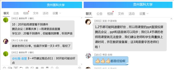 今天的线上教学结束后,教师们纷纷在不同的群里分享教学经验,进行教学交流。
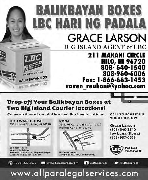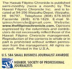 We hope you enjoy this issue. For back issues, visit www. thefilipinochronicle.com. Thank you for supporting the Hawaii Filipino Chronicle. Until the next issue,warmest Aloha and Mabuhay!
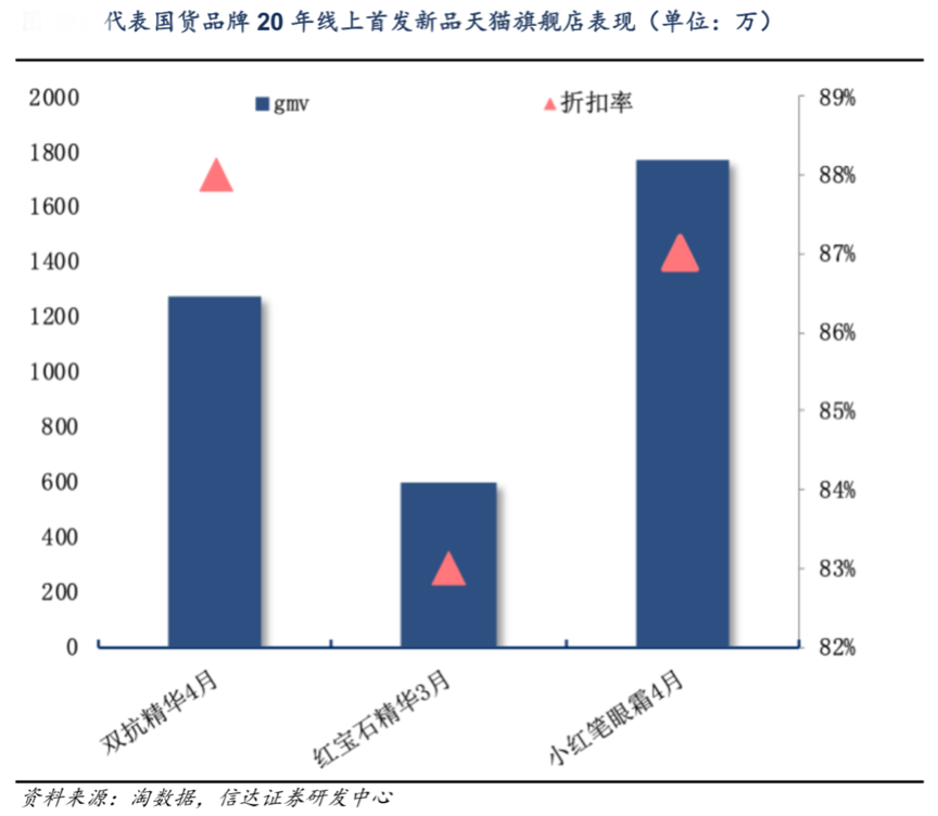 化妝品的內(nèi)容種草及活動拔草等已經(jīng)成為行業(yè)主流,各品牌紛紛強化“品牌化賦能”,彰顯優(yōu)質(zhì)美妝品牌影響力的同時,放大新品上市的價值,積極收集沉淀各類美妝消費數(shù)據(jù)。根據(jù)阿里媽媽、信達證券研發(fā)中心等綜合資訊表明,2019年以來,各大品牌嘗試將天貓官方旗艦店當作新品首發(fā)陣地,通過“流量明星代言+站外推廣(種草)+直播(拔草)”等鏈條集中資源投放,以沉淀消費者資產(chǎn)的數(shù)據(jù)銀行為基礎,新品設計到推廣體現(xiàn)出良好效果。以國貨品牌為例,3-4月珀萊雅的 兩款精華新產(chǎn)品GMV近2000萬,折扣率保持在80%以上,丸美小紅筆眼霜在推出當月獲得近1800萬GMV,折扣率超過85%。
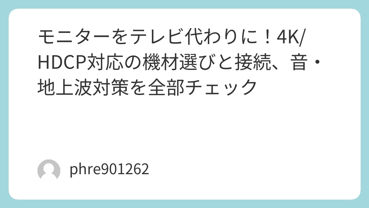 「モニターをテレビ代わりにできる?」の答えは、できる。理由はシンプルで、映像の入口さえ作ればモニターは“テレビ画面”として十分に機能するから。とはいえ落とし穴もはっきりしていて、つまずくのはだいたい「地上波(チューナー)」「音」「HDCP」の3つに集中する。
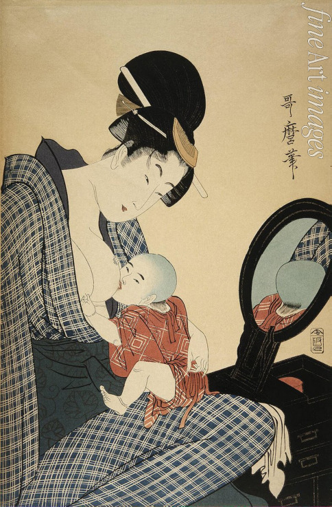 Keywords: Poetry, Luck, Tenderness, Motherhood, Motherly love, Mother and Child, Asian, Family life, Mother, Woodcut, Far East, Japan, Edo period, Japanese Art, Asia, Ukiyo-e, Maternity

==

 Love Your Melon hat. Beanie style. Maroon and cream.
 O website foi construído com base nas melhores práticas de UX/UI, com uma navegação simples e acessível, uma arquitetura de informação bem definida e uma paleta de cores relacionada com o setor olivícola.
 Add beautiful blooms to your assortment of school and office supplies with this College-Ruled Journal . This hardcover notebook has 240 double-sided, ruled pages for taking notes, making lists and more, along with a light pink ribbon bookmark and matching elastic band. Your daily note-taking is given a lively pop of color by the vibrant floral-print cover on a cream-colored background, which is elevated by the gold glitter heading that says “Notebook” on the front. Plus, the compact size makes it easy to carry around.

==

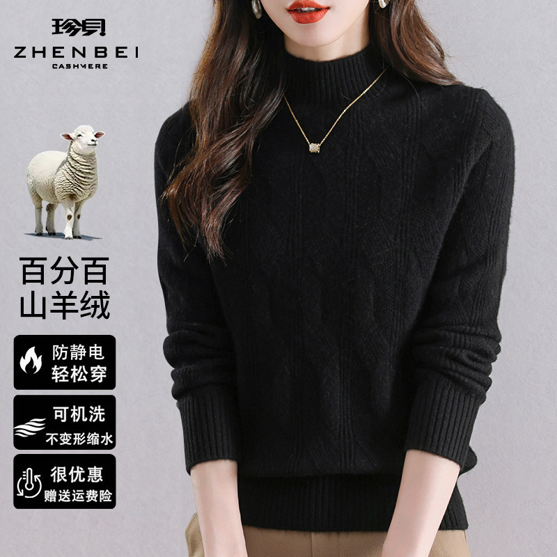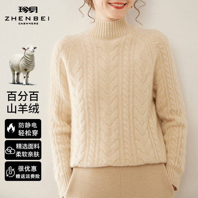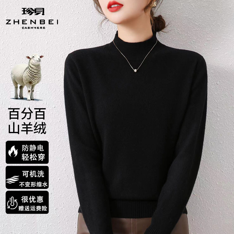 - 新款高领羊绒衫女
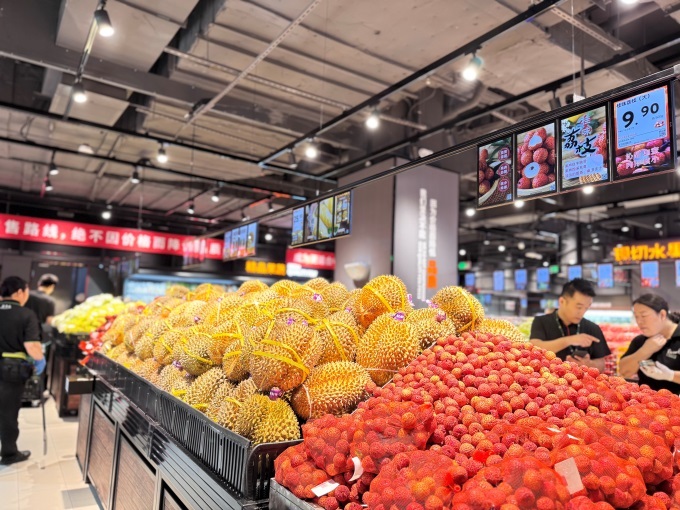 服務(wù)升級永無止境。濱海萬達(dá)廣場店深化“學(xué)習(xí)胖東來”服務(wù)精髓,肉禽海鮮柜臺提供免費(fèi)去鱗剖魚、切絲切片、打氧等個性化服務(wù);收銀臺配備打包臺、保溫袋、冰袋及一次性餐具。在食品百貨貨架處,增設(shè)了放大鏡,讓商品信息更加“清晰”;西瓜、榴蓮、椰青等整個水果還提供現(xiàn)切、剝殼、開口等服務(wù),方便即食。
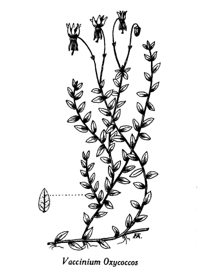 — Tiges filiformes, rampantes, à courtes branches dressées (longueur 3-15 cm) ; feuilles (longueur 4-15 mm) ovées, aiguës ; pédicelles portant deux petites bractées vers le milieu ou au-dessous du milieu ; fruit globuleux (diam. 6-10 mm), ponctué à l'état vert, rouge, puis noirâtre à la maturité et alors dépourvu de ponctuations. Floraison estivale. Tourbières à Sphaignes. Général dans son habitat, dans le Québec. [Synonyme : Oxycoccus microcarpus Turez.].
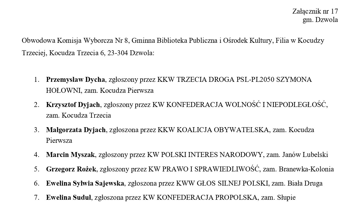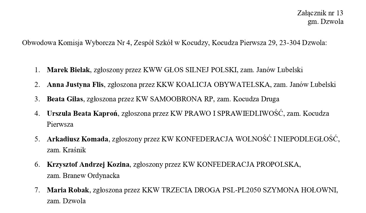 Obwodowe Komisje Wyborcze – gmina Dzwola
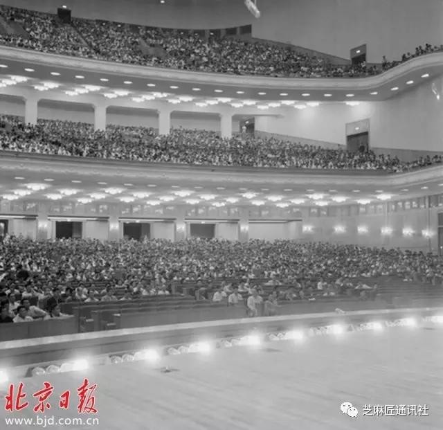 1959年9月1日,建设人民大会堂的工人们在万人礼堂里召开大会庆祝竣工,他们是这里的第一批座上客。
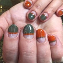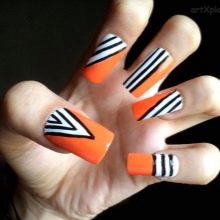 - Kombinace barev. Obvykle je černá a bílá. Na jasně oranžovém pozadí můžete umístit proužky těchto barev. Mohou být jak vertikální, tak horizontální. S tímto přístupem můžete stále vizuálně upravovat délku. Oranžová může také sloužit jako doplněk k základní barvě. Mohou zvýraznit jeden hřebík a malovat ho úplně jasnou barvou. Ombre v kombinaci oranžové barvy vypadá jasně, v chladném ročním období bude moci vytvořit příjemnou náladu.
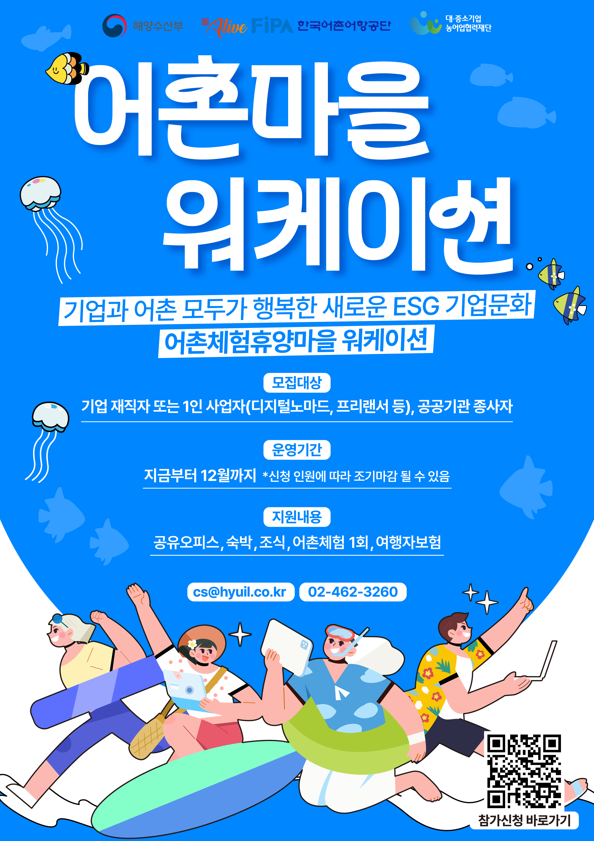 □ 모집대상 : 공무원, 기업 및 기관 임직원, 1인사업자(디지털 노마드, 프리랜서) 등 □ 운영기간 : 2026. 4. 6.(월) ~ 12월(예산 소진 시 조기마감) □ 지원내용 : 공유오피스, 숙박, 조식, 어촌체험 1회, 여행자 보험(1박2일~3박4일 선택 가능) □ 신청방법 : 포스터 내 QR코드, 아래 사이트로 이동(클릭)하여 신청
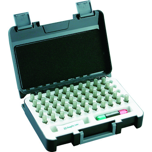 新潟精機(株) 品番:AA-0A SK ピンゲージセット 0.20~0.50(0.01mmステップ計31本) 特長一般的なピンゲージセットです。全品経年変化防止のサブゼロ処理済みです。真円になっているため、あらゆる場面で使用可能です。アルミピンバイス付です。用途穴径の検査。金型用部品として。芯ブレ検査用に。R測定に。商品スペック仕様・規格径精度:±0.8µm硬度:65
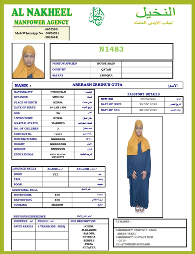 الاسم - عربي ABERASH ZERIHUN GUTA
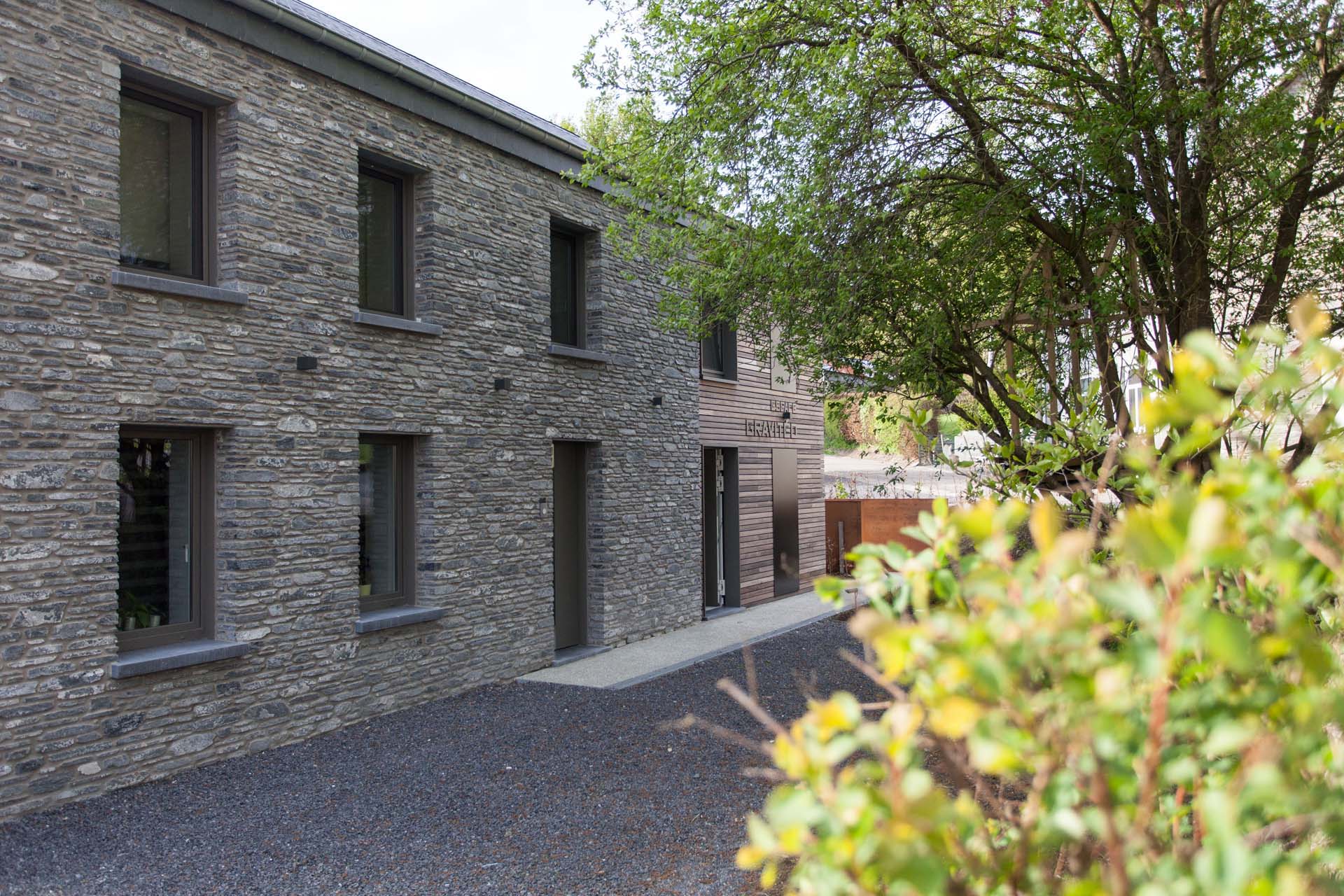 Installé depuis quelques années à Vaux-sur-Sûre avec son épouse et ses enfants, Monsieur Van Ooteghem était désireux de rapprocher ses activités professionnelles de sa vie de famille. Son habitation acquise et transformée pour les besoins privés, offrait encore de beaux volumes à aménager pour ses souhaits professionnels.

▶ _YOUR INSTRUCTIONS_
In the data above, how many lines carry the string "cream"? Only the number should be given.

▶ _WORKED SOLUTION_
2